(Records drawn from a dataset)

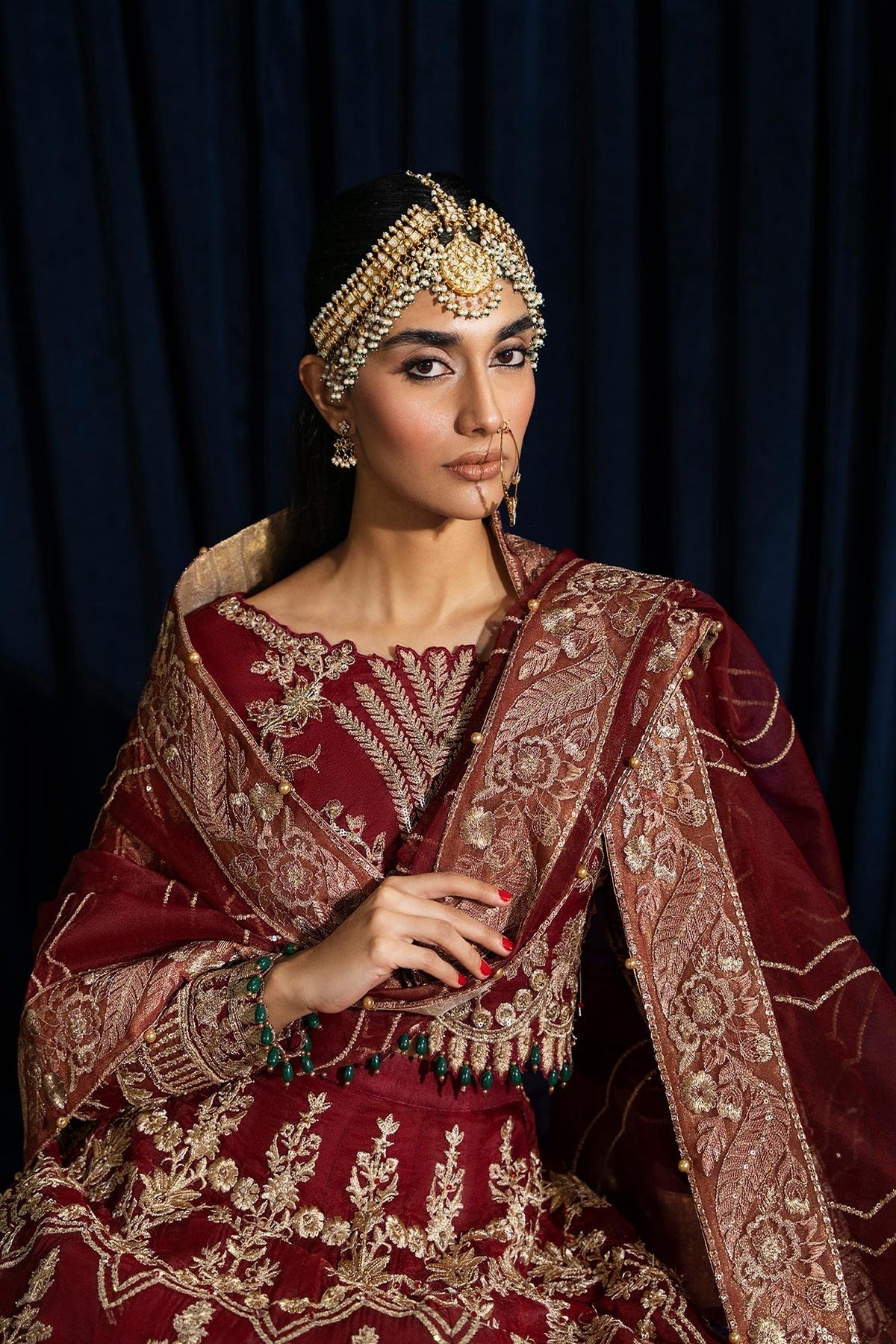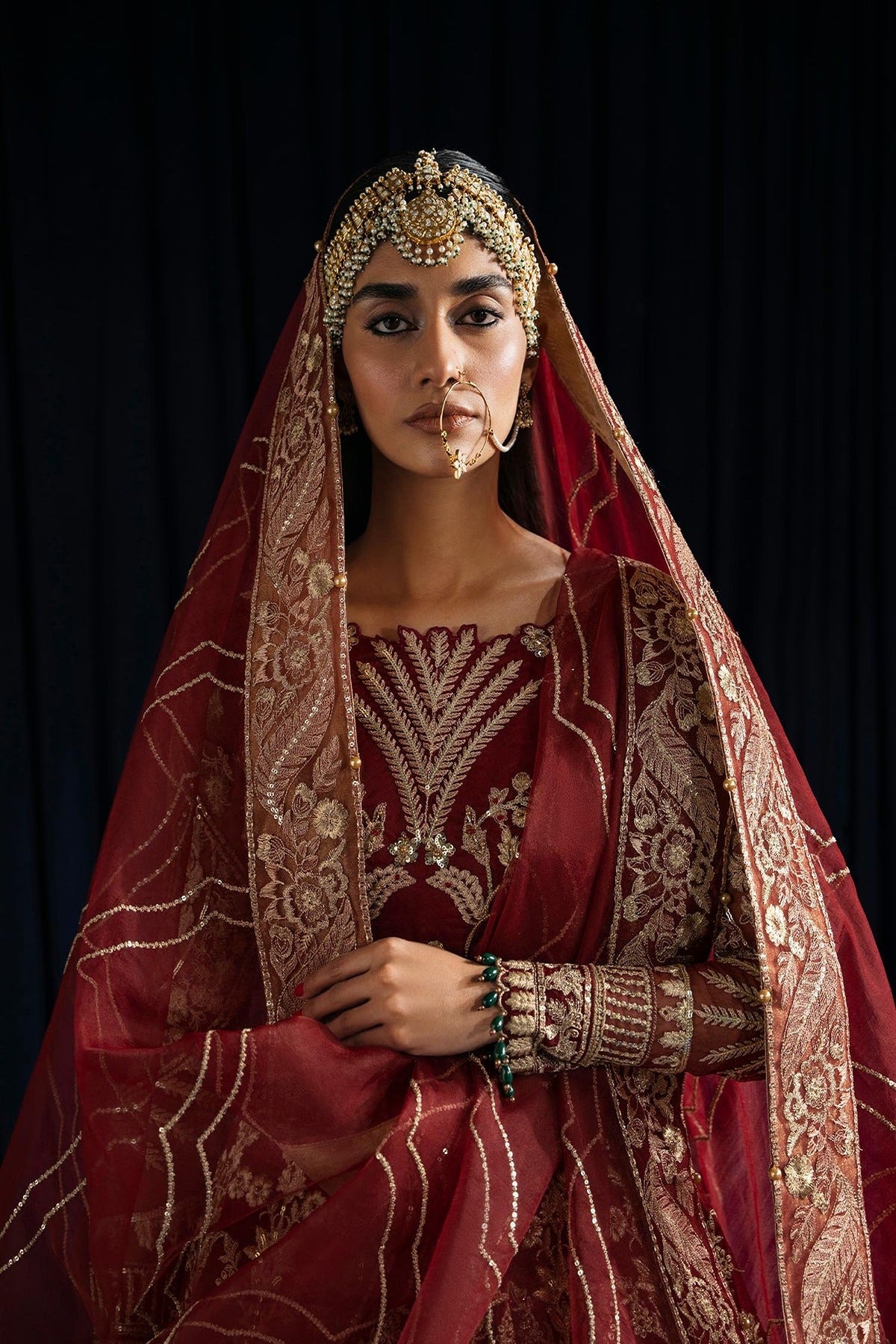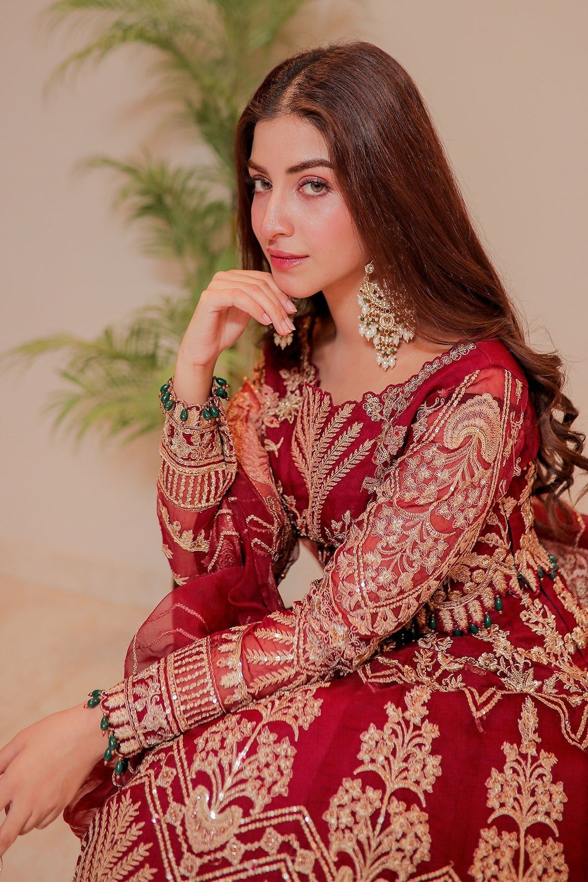 Wearing ‘Rajkumari’, the wearer feels more empowered than ever. With the perfect shade of red on the finest of organza;there is no comparison. A perfect balance of gold tilla and resham embroideries amplify the sheer beauty of this ensemble. Adding the Shurooq touch, sequins and hand applied embellishments sparkle brilliantly over the red. With an equally stunning organza dupatta, Rajkumari is truly now a queen.
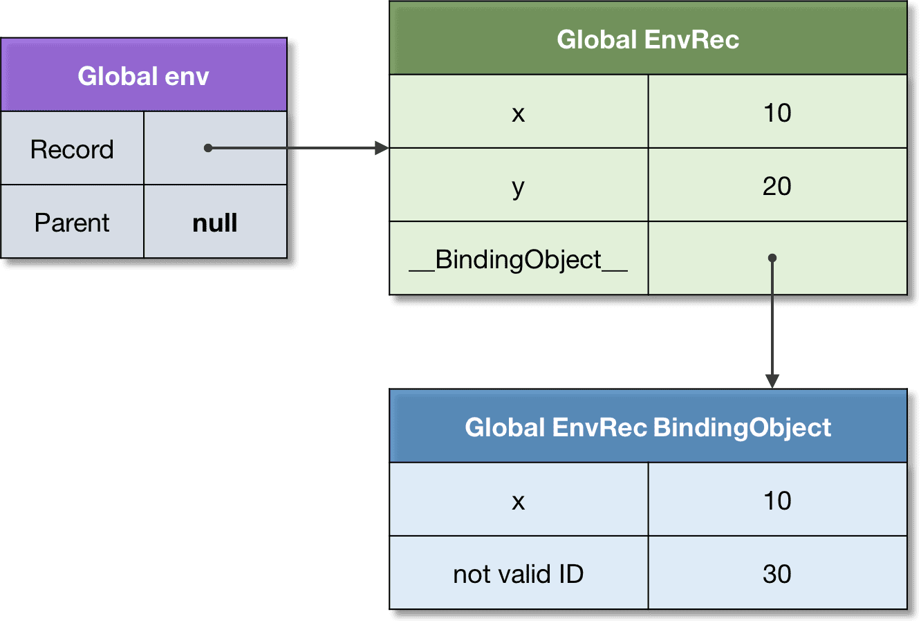 Since there is a link between the environment from child to parent, the identifier resolution work similarly to prototype delegation. Which means, when an identifier is not found in the execution environment, it is searched in its parent, and then its parent until found or reach the end(global).
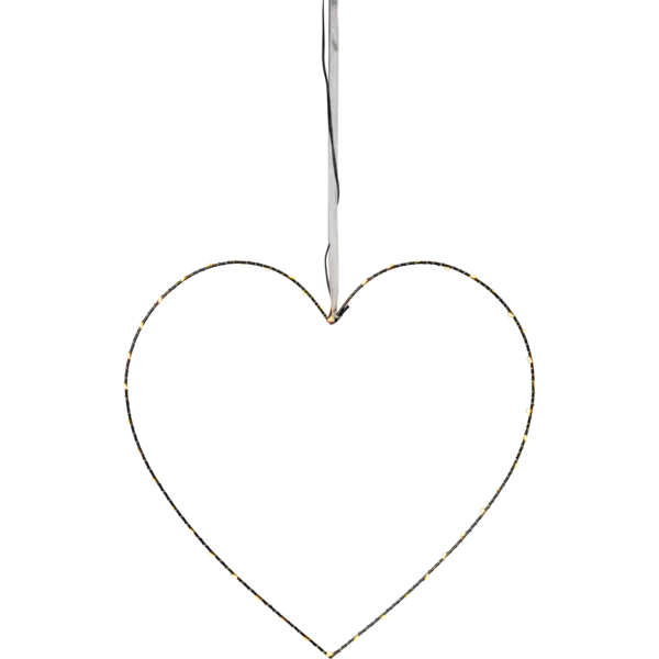 Dekorativ metallhjärta med dew drop ljusslinga för inomhusbruk. Stjärnan har 45 LED-ljuskällor med varmvitt sken. Fin dekoration att hänga i fönstret och på väggen.
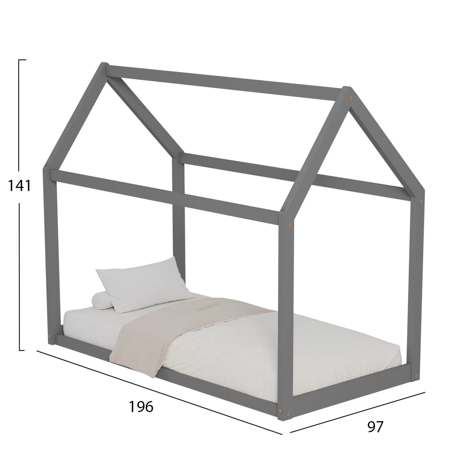 Introducing the new children's bed PEPE. It is small for a mattress 90x190 cm, and is an excellent quality, modern and safe choice for the children's room, since it is designed according to the Montessori educational system, according to which children learn best, when they choose for themselves what to do. The low bed height without legs helps them explore their autonomy and get in and out of bed freely at any time. It is wooden in GREY color painted with harmless water-based varnish and non-toxic, ideal for children. The mattress is placed on boards (slats) made of plywood. The whole bed is in the shape of a house that will give a pleasant, "warm", and playful look to any children's room.
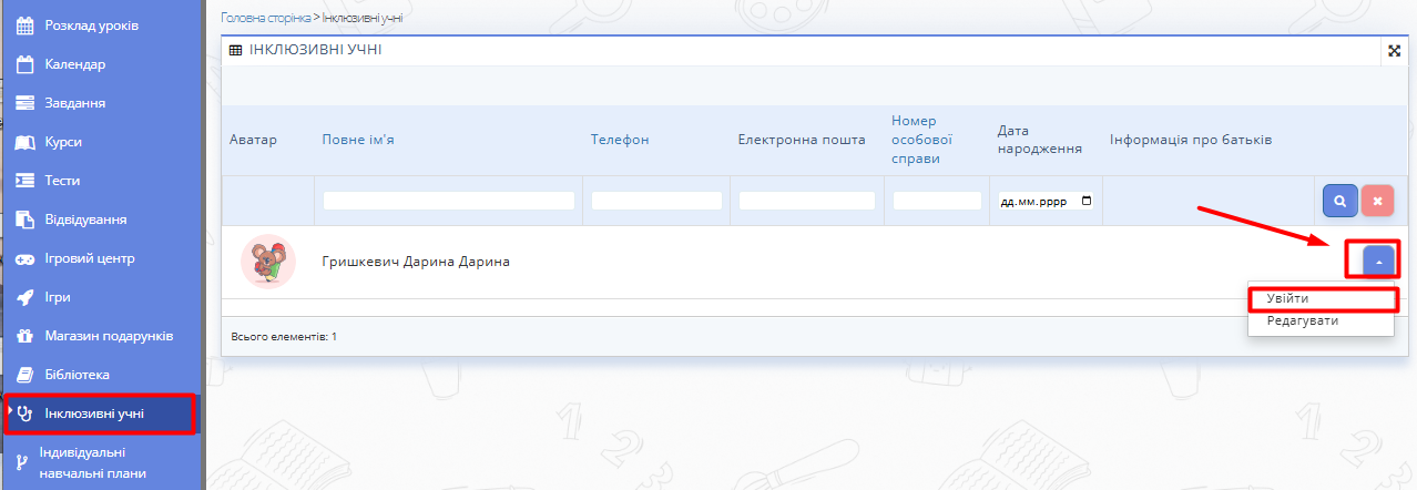 - Відкрийте розділ Інклюзивні учні на панелі зліва.
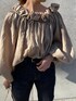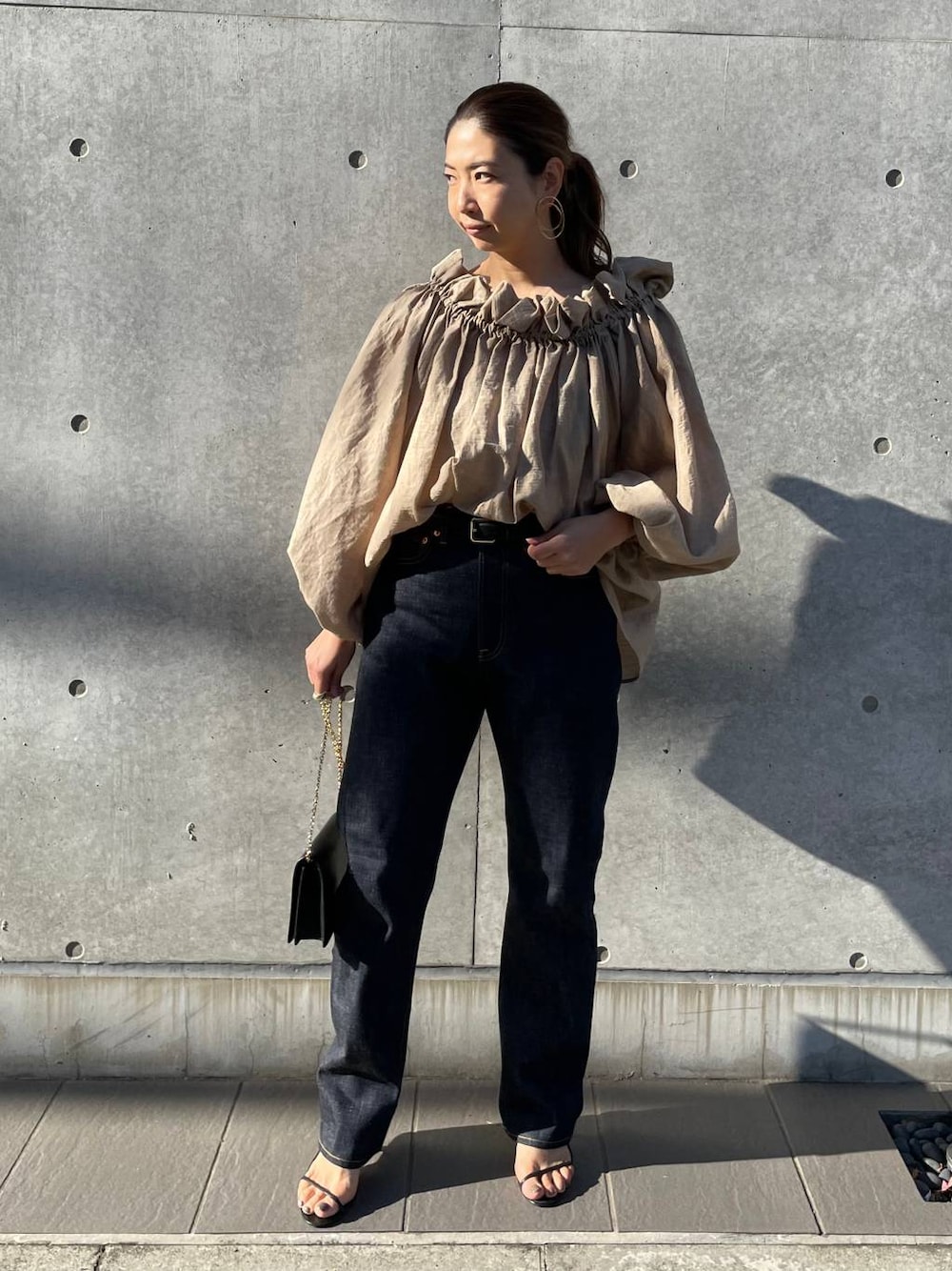 一枚で華やかに、春の気分をあげてくれるオラパブラウス! 襟ぐりが紐で調整出来るので、オフショルダーにも、 少しキュッとして好みのシルエットでの着用が可能です。 リネンレーヨン混素材でサラッとした着心地、ホームケア が可能なのも嬉しいポイント! ゴールドアクセサリーとブラック小物でメリハリプラス、 リジットデニムと合わせてキレイめカジュアルに。
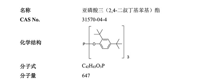 SIONOX? 168 為輔助抗氧化劑, 常和抗氧劑 SIONOX? 1010、SIONOX? 1076 等并用,用于聚丙烯、 聚乙烯、聚苯乙烯、聚酰胺和聚酯。由于 SIONOX? 168 具有較低的揮發性,廣泛應用于熱塑性塑料 的高溫加工過程中。本品用于聚丙烯的加工穩定劑,可有效防止加工溫度下的熱降解,一般用量為 0.05-0.25%;用于高密度聚乙烯, 一般用量為 0.03-0. 1%;用于低密度聚乙烯,為防止噴霜現象, 一 般用量不超過 0. 1%;還可以用于尼龍 6、尼龍 66 ,可明顯降低加工黃變。也和主抗氧化劑并用于長 效穩定和耐候配方中; 本品還可以用于聚碳酸酯、均聚甲醛和共聚甲醛等。
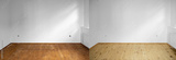 Alter und neu abgeschliffener Holzboden aus Holzdielen
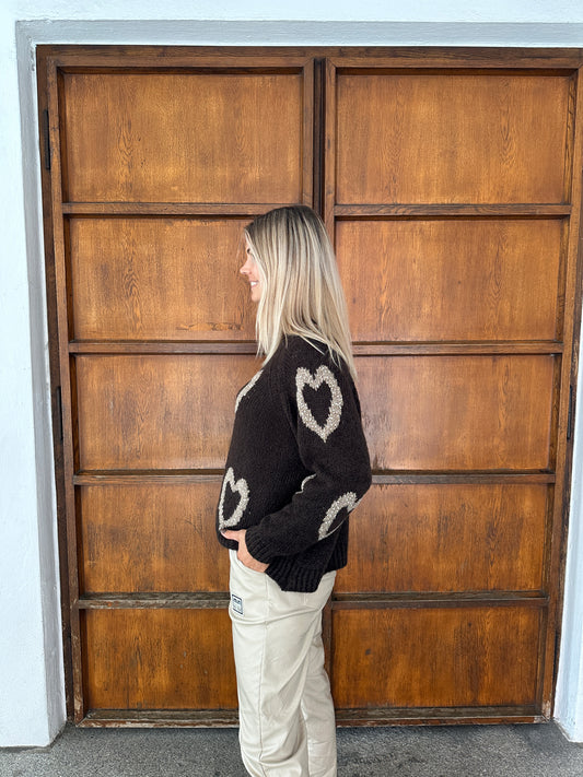 Pullover in Schokobraun mit Herzen

What you will do
The entries above are to be copied exactly, with every picture left out.

Answer space
 Wearing ‘Rajkumari’, the wearer feels more empowered than ever. With the perfect shade of red on the finest of organza;there is no comparison. A perfect balance of gold tilla and resham embroideries amplify the sheer beauty of this ensemble. Adding the Shurooq touch, sequins and hand applied embellishments sparkle brilliantly over the red. With an equally stunning organza dupatta, Rajkumari is truly now a queen.
 Since there is a link between the environment from child to parent, the identifier resolution work similarly to prototype delegation. Which means, when an identifier is not found in the execution environment, it is searched in its parent, and then its parent until found or reach the end(global).
 Dekorativ metallhjärta med dew drop ljusslinga för inomhusbruk. Stjärnan har 45 LED-ljuskällor med varmvitt sken. Fin dekoration att hänga i fönstret och på väggen.
 Introducing the new children's bed PEPE. It is small for a mattress 90x190 cm, and is an excellent quality, modern and safe choice for the children's room, since it is designed according to the Montessori educational system, according to which children learn best, when they choose for themselves what to do. The low bed height without legs helps them explore their autonomy and get in and out of bed freely at any time. It is wooden in GREY color painted with harmless water-based varnish and non-toxic, ideal for children. The mattress is placed on boards (slats) made of plywood. The whole bed is in the shape of a house that will give a pleasant, "warm", and playful look to any children's room.
 - Відкрийте розділ Інклюзивні учні на панелі зліва.
 一枚で華やかに、春の気分をあげてくれるオラパブラウス! 襟ぐりが紐で調整出来るので、オフショルダーにも、 少しキュッとして好みのシルエットでの着用が可能です。 リネンレーヨン混素材でサラッとした着心地、ホームケア が可能なのも嬉しいポイント! ゴールドアクセサリーとブラック小物でメリハリプラス、 リジットデニムと合わせてキレイめカジュアルに。
 SIONOX? 168 為輔助抗氧化劑, 常和抗氧劑 SIONOX? 1010、SIONOX? 1076 等并用,用于聚丙烯、 聚乙烯、聚苯乙烯、聚酰胺和聚酯。由于 SIONOX? 168 具有較低的揮發性,廣泛應用于熱塑性塑料 的高溫加工過程中。本品用于聚丙烯的加工穩定劑,可有效防止加工溫度下的熱降解,一般用量為 0.05-0.25%;用于高密度聚乙烯, 一般用量為 0.03-0. 1%;用于低密度聚乙烯,為防止噴霜現象, 一 般用量不超過 0. 1%;還可以用于尼龍 6、尼龍 66 ,可明顯降低加工黃變。也和主抗氧化劑并用于長 效穩定和耐候配方中; 本品還可以用于聚碳酸酯、均聚甲醛和共聚甲醛等。
 Alter und neu abgeschliffener Holzboden aus Holzdielen
 Pullover in Schokobraun mit Herzen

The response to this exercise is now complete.